Conscient de ses responsabilités, le Gouvernement a fait de la sécurité sanitaire, grâce à vous, une de ses priorités.
Il fallait en effet répondre aux failles persistantes en matière d'organisation, de règles et de contrôles pour certains produits destinés à l'homme et pallier les insuffisances des moyens de veille, des procédures d'alerte et des circuits de transmission des recommandations aux pouvoirs publics en cas de menace pour la santé publique.
Il fallait parachever le dispositif de sécurité sanitaire mis en place dès 1992 avec la création du réseau national de santé publique et par la loi du 4 janvier 1993 instituant l'Agence française du sang et l'Agence du médicament. Je n'oublie pas que ce fut à votre initiative.

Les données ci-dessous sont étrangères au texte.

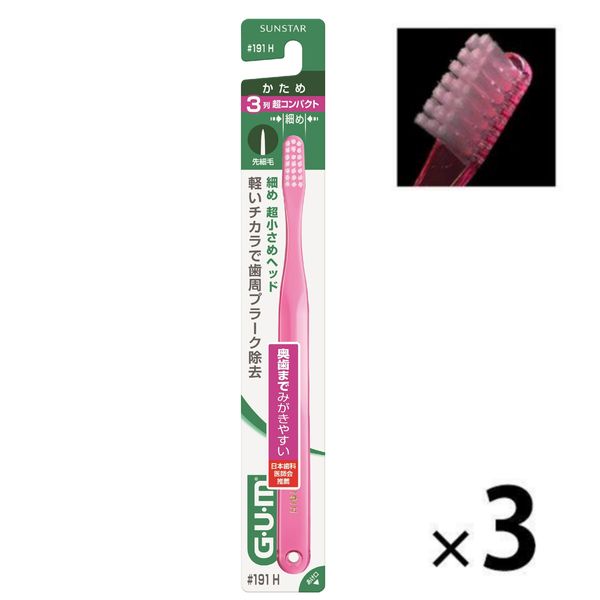 ガム デンタルブラシ #191 先細毛 3列超コンパクト かため 1セット(3本) サンスター GUM 歯ブラシ

Comme en 1993, le rôle joué par la Haute Assemblée doit être souligné.
L'important travail réalisé par la mission de la commission des affaires sociales pour « renforcer la sécurité sanitaire en France », qui a conduit à la proposition de loi relative au renforcement de la veille sanitaire et du contrôle de la sécurité sanitaire des produits destinés à l'homme, a constitué le socle de notre réflexion commune.
Je tiens à nouveau à saluer l'initiative de M. Charles Descours, avec qui je me suis entretenu ce matin, ainsi que l'engagement continu de la commission des affaires sociales, présidée par M. Fourcade.
Les travaux menés par les deux assemblées ont enrichi le texte initial. Ils ont également cimenté une doctrine claire, partagée par tous, fondée sur des exigences cohérentes, à savoir : une autorité de police compétente pour l'ensemble de la chaîne médicotechnique des produits à finalité sanitaire, une capacité d'alerte rapide, une expertise scientifique forte et indépendante, une prise en compte systématique du principe de précaution, une indépendance par rapport aux intérêts économiques sectoriels, enfin, une transparence dans la décision.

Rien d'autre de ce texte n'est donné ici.